A steep decline in Catholic marriages in the U.S. over the past few decades is underscoring the need for “proactive” marriage support in the Church.
Data obtained by EWTN News from the Official Catholic Directory shows a major drop-off in U.S. Catholic marriage, from about 267,000 in the year 2000 to just 111,718 in 2024, a decline of nearly 60%.
The drop is even starker when compared with midcentury numbers: In 1970 there were about 426,000 Catholic marriages in the United States, compared with about 108,000 in 2025, a roughly 75% drop-off, though the 2025 numbers are still provisional.
Those declines have come even as the total number of Catholics in the U.S. has risen, from about 47.8 million Catholics in 1970 to 68 million last year.
‘Broader societal factors’ contribute to drop-off
Christian Meert, the founder and president of the Colorado-based Agape Catholic Ministries, told EWTN News that society is “not moving in the ‘marriage direction.’”
Agape offers Catholic marriage preparation and enrichment as well as other services such as natural family planning instruction. Marriage prep, Meert argued, should offer “real relational skills, communication, finances, and faith integration” for couples on the verge of matrimony.
But various factors — including “delayed adulthood, high divorce rates, economic pressures, shifting priorities, rising individualism, the evolution of dating culture, [and] cohabitation” — have all helped drive marriage rates down, he said.
The Catholic marriage decline has occurred alongside a steep decline in marriage throughout society, Meert said, though the Catholic drop-off is “disproportionately larger.”
“Yes, society in general is not helping, politicians are not helping, secularization and cultural shifts have eroded social support for all religious institutions,” he pointed out.
But the Church can take “proactive steps” to help reverse the decline, he said, including fostering “community spaces where young adults can meet and form healthy relationships,” focusing on “individual marriage formation” rather than broad, “cheap” programs and engaging parish families to “accompany engaged couples during their marriage preparation and after.”
Church leaders make regular appeals for a healthier and more fruitful marriage culture. Pope Leo XIV in November 2025 urged the Roman Rota to avoid “false mercy” when considering marriage annulments, warning again on Jan. 26 against “pastoral decisions [on annulments] lacking a solid objective foundation.”
In 2024, meanwhile, the U.S. bishops announced the “Love Means More” initiative, one meant to “bring clarity and compassion” to issues surrounding love, marriage, and sexuality.
Still more efforts have come from the lay faithful. In 2025 Emily Wilson-Hussem and her husband, Daniël, launched a new Catholic dating app, “SacredSpark,” which Wilson-Hussem described as a place “where we can connect people who will build up the Church because they’ve entered into a sacramental marriage and will build up the family.”
The Life-Giving Wounds ministry, meanwhile — founded in 2020 by husband and wife Daniel and Bethany Meola — ministers to adult children of divorce, helping them overcome the pain and trauma of their parents’ divorces in order to strengthen their own marriages.

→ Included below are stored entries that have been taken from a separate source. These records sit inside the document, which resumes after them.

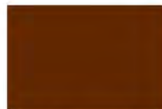
Coral Red F6102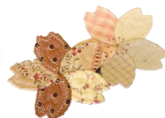
パッチワーク教室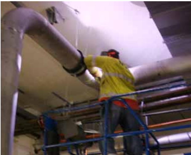
Svetsning från saxlift.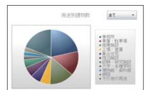
実績情報 用途別建物数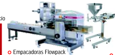
◦ Empacadoras Flowpack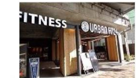
③ フィットネス 徒歩1分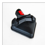
MGK06NV Spazzola triangolare c/velcro vapore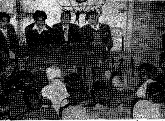
جلسه همبستگی اتحادیه کارگری و حزب کمونیست هندوستان در پنجاب با حزب توده " ایران و اعضای در بند آن

طی برگزاری جلسه فوق ، نامهای از طرف هواداران حزب توده " ایران و هواداران سازمان فدائیان خلق ایران ( اکثریت ) در هندوستان بقیه در صفحه ۷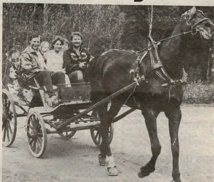
I fjor deltok Handicaplaget for første gang, og hesteklubbene stilte opp med hester og vogner. . . .

Rausjø skole markerer avslutningen på ruta, og her kan man hygge seg med kaffe, va-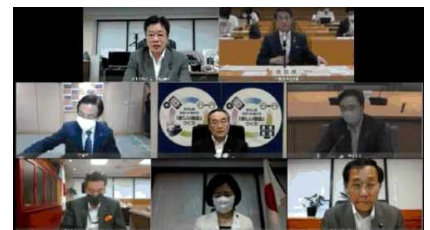
（加藤厚生労働大臣へのWeb要望）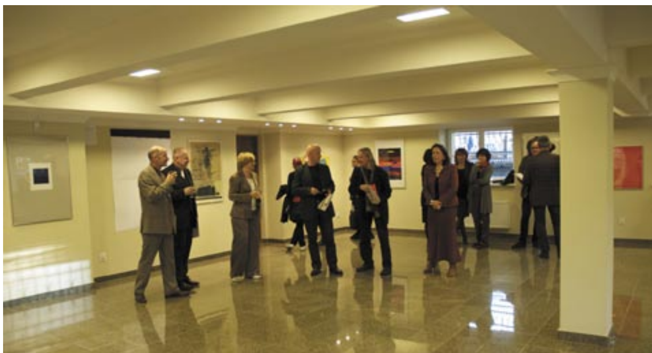
PIERWSZY WERNISZAŻ W GALERII UNIWERSYTECKIEJ, 7 PAŹDZIERNIKA

W ostatnich latach biblioteki naukowe stanęły przed szeregiem wyzwań wynikających z wielu potrzeb i oczekiwań użytkowników o bardzo różnorodnych i wygórowanych wymaganiach. Rolą biblioteki stało się nie tylko organizowanie warsztatów pracy i wspieranie dydaktyki, ale także popularyzowanie działalności naukowej i artystycznej własnego środowiska, organizowanie dostępu do myśli, dzieł i pracy twórczej innych. Biblioteki jako istotny element całego organizmu uniwersyteckiego współtworzą kulturalne środowisko jej uczestników. Gromadzone przez nią dobra są świadectwem wiedzy i kultury, potwierdzeniem narodowej tożsamości, dziedzictwa kulturowego, osiągnięć cywilizacyjnych. Walorem bibliotek stała się nie tylko różnorodność i wielostronność gromadzonych przez nią zbiorów, ale także ich szeroka prezentacja. Jest to możliwe dzięki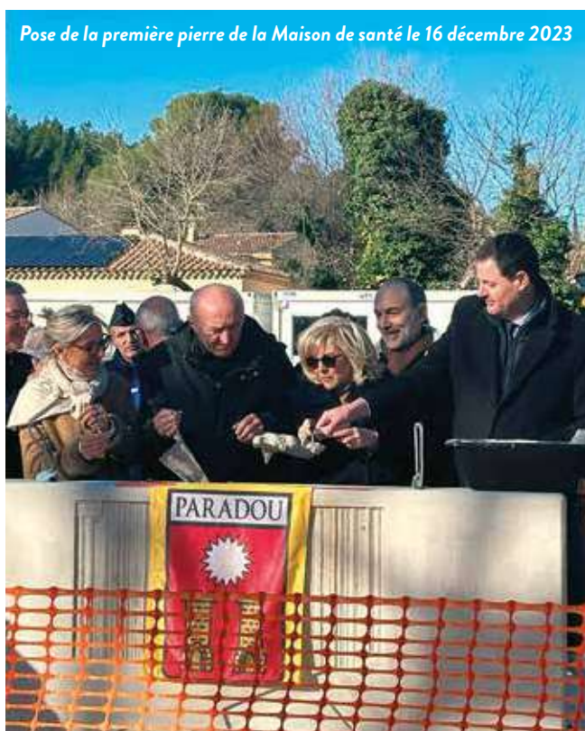
Pose de la première pierre de la Maison de santé le 16 décembre 2023

La salle polyvalente offrira, dès son ouverture au public, un hall d'accueil, une vaste salle principale, des locaux de rangement et un office, sans oublier la salle des associations. Le projet prévoit également le déplacement du poste de transformation ENEDIS de desserte électrique du village, qui sera intégré au bâtiment de la maison de santé.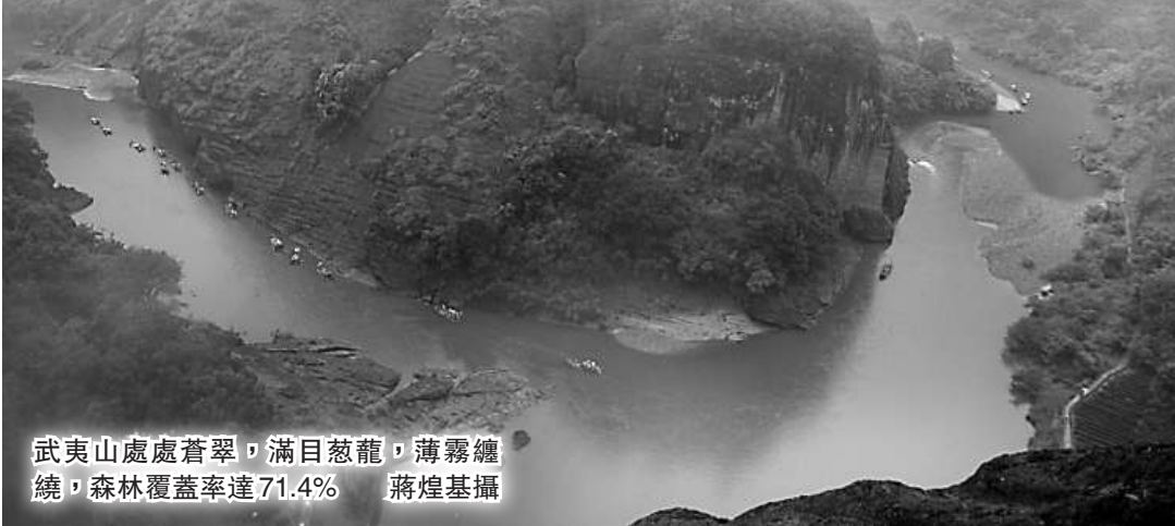
武夷山處處蒼翠，滿目蔥蘢，薄霧纏繞，森林覆蓋率達71.4%

據南平市長林寶金介紹，南平市已制定發展綠色經濟，打造綠色城鄉，建設綠色新區，保護綠色生態，全力創建全國綠色發展示範區的發展新思路。本報記者 蔣煌基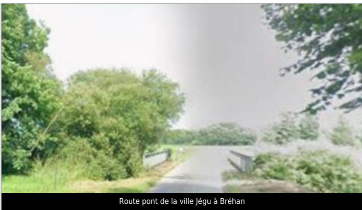
Route pont de la ville Jégu à Bréhan

GÉOLOCALISATION Coordonnées WGS84 : X: -2.67316184 / Y: 48.06301390 Coordonnées RGF93 (Lambert 93) X: 277764.49 / Y: 6788800.63 Coordonnées RGF93 (ETRS89) : X: -2.6731618 / Y: 48.0630139 Code Hydro: J81-0300 Rive de référence: Gauche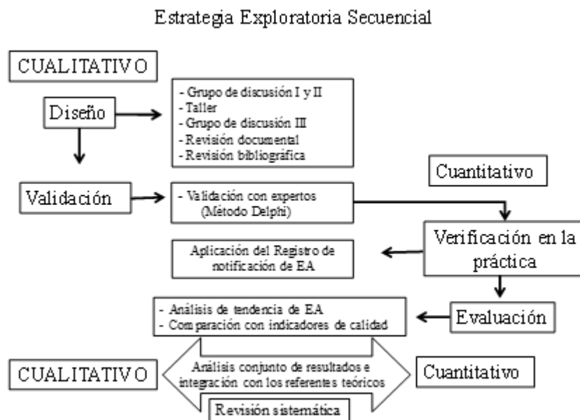
Fig. 1 - Algoritmo metodológico para el diseño del Registro de notificación de eventos adversos para unidades de cuidados intensivos polivalentes en el Hospital Provincial Dr. Gustavo Aldereguía Lima de Cienfuegos.

Para una mejor comprensión del diseño de estudio se elaboró un algoritmo metodológico organizado en dos fases (cuali-cuanti). Cada una comprendió la aplicación de diferentes técnicas de investigación (Fig. 1).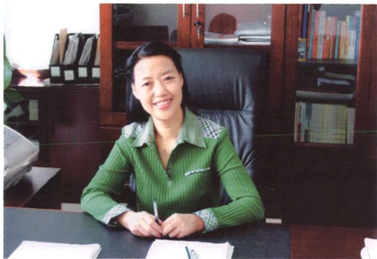
银川市审计局党组书记、局长 李自辉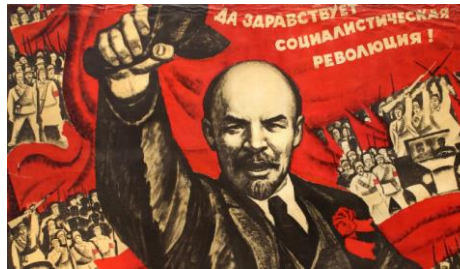
Révolution russe :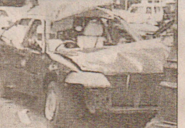
பெண் தீவிரவாதிகளை சுடுபடுத்தி வருவதாக மும்பாய் பொலீஸார் தெரிவித்துள்ளனர். இதற்கான விசாரணையில் மூன்று பொலீஸ் பிரிவுகள் தீவிர தேடுதல் வேட்டையில் இறங்கியுள்ளன.

மும்பை குண்டு வெடிப்புச் சம்பவம் தொடர்பாக, சந்தேகத்திற்கிடமான மர்மப் பெண்ணையும் வேறொருவரையும் பொலீஸார் தேடிவருகின்றனர். அவர்கள் இருவரும் பயணம் செய்த வாகனத்திலேயே குண்டு வைக்கப்பட்டிருக்கலாம் என்ற சந்தேகத்திலேயே அவர்கள் தேடப்பட்டு வருகின்றனர். அவர்கள் பயணம் செய்த வாகனச் சாரதியிடம் பொலீஸார் நடத்திய விசாரணையில் இது தெரியவந்துள்ளது. இதேவேளை - மும்பாய் புற நகர்ப்பகுதியில் சந்தேகத்திற்கிடமான மூன்றுபேரை பொலீஸார் கைதுசெய்து விசாரணை நடத்தி வருகின்றனர். குண்டுவெடிப்புச் சம்பவங்களில், 'லஷ்கர் இ தொய்பா' இயக்கத்தினர்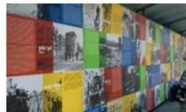
Gambar 3.5. Contoh konsep wall of fame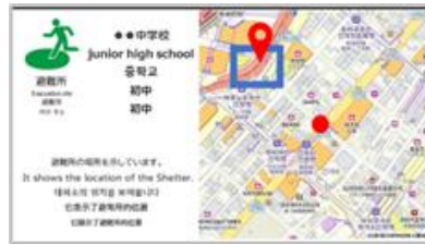
避難情報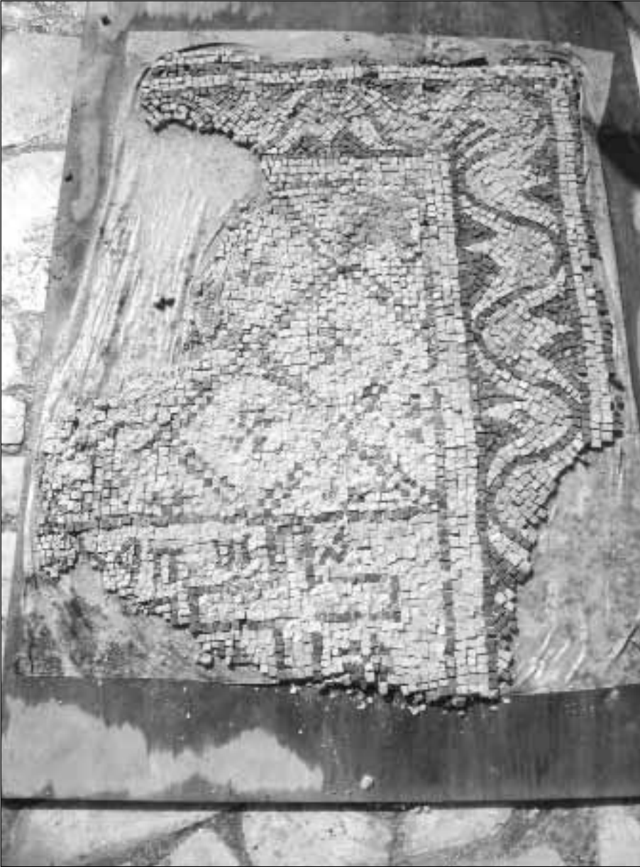
٥. جزء من الأرضية الفسيفسائية بعد عملية الخلع.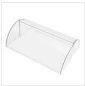
Rechteckige Haube für Servierwagen 90225030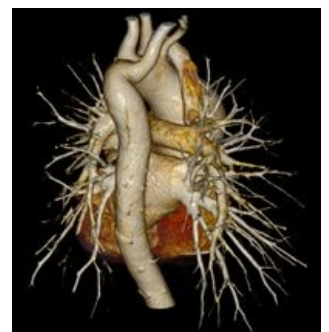
CT 3D rekonstrukce arteria lusoria

Odstupuje z aortálního oblouku Pokračuje jako aberantní odstup pravé a. subclavie

In a June 2025 homily, Pope Leo described marriage as “not an ideal but the measure of true love between a man and a woman,” one that is “total, faithful, and fruitful.”
“In the family, faith is handed on together with life, generation after generation,” the Holy Father said. “It is shared like food at the family table and like the love in our hearts.”
The marriage decline has even formed part of the secular discourse, as experts have warned that steep drop-offs in fertility in most of the developed world can be tied in part to declines in marriage rates and that policymakers who want to encourage more births should also be encouraging more marriages.
Meert, meanwhile, said Catholic families should be offering positive examples for young people to follow in the faith and in marriage.
He disputed the argument that “all the blame [can be put] on the clergy” for failing to transmit Catholic teaching to the faithful over the past few decades.
“What example are parents and grandparents giving to their children? How do they practice their faith? How do they transmit their faith?” he said. “When we see the rise in divorce, families not practicing their faith, not going to church, not active in their parishes — what can we expect?”
“We, the Church, the whole community of faithful, aren’t we all responsible?” he said.